Corona virus disease (COVID-19) is an infectious disease caused by a newly discovered corona virus. 465,915 Confirmed cases & 21,031 Confirmed deaths (Updated : 27 March 2020 ) , corona has spread in m ore than 200 countries.
Corona virus caused cluster of pneumonia cases, in late 2019, majority suffering from only mild, cold-like symptoms. According to researchers, the lining of the respiratory tree becomes injured, causing inflammation. This in turn irritates the nerves in the lining of the airway. Just a speck of dust can stimulate a cough. If the condition becomes intense, lungs that become filled with inflammatory material become unable to get enough oxygen to the bloodstream, reducing the body’s ability to take on oxygen and get rid of carbon dioxide which finally lead to death.
STEPS TO BUILD DETECTION MODEL
- X-ray images for patients who have tested positive for COVID-19 are collected
- “normal” (i.e., not infected) X-ray images from healthy patients are collected
- Divide the dataset in test, train and validate dataset ( click here for dataset)
- Train a CNN to automatically detect COVID-19 in X-ray images via the dataset we created
- Evaluate the results
The CNN consist layer of neurons and it is optimized for two-dimensional pattern recognition. CNN has three types of layer namely convolutional layer, pooling layer and fully connected layer. Our network consists of 11 layers excluding the input layer. The input layer takes in a RGB color image where each color channel is processed separately.

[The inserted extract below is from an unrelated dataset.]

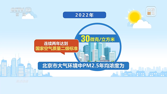黨的十八大以來,北京市堅決打好污染防治攻堅戰(zhàn),大力壓減燃煤、治理機動車排放、揮發(fā)性有機物以及各類揚塵污染,實施“一微克”行動,治理成效顯著,藍天越來越多。監(jiān)測結(jié)果顯示,2022年,北京市大氣環(huán)境中PM2.5年均濃度為每立方米30微克,比2013年下降了66.5%,連續(xù)兩年達到國家空氣質(zhì)量二級標準。重污染天數(shù)由2013年的58天減少到2022年的3天,“北京藍”成為常態(tài)。

The first 6 layers of convolution network are convolution layer. First 2 convolution layer applies 16 of 3*3 filters to an image in the layer. The other two layer applies 32 of 3*3 filters to an image. And the last 2 layers of convolution applies 64 of 3*3 filters to an image. The nonlinear transformation sublayer employs the ReLU activation function. The max pooling sublayer applies a 2*2 filter to the image which results in reducing the image size to its half. At this point, convolution network extracts 64 features, each represented by a 32*32 array for each color channel.
The eighth layer is the flatten layer. The flatten layer transforms a multidimensional array into one-dimensional array by simply concatenating the entries of the multidimensional array together. The output of this flatten layer is a one-dimensional array of size 4800. The ninth layer is the fully connected ANN with the ReLU activation function that maps 4800 input values to the 64 output values. The tenth layer is the dropout layer. 50% of the input values coming to the layer are dropped to zero to reduce the problem of overfitting. The eleventh and the final layer is a fully connected ANN with the sigmoid activation function that maps 64 input values to 2 class labels.

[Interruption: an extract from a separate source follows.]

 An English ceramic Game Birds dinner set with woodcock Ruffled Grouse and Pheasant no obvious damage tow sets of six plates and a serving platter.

First, we train convolution network using the data in training set to find appropriated filters’ weights in the three convolutional sublayers and the weights that yield minimum error in the two fully connected layers. Next, we evaluate convolution network using the data in the validation set to obtain validation error and cross-entropy loss. We repeat the training of convolution network in this same procedure until we complete 10 epochs. Last, we evaluate the performance of convolution network using data in the test set.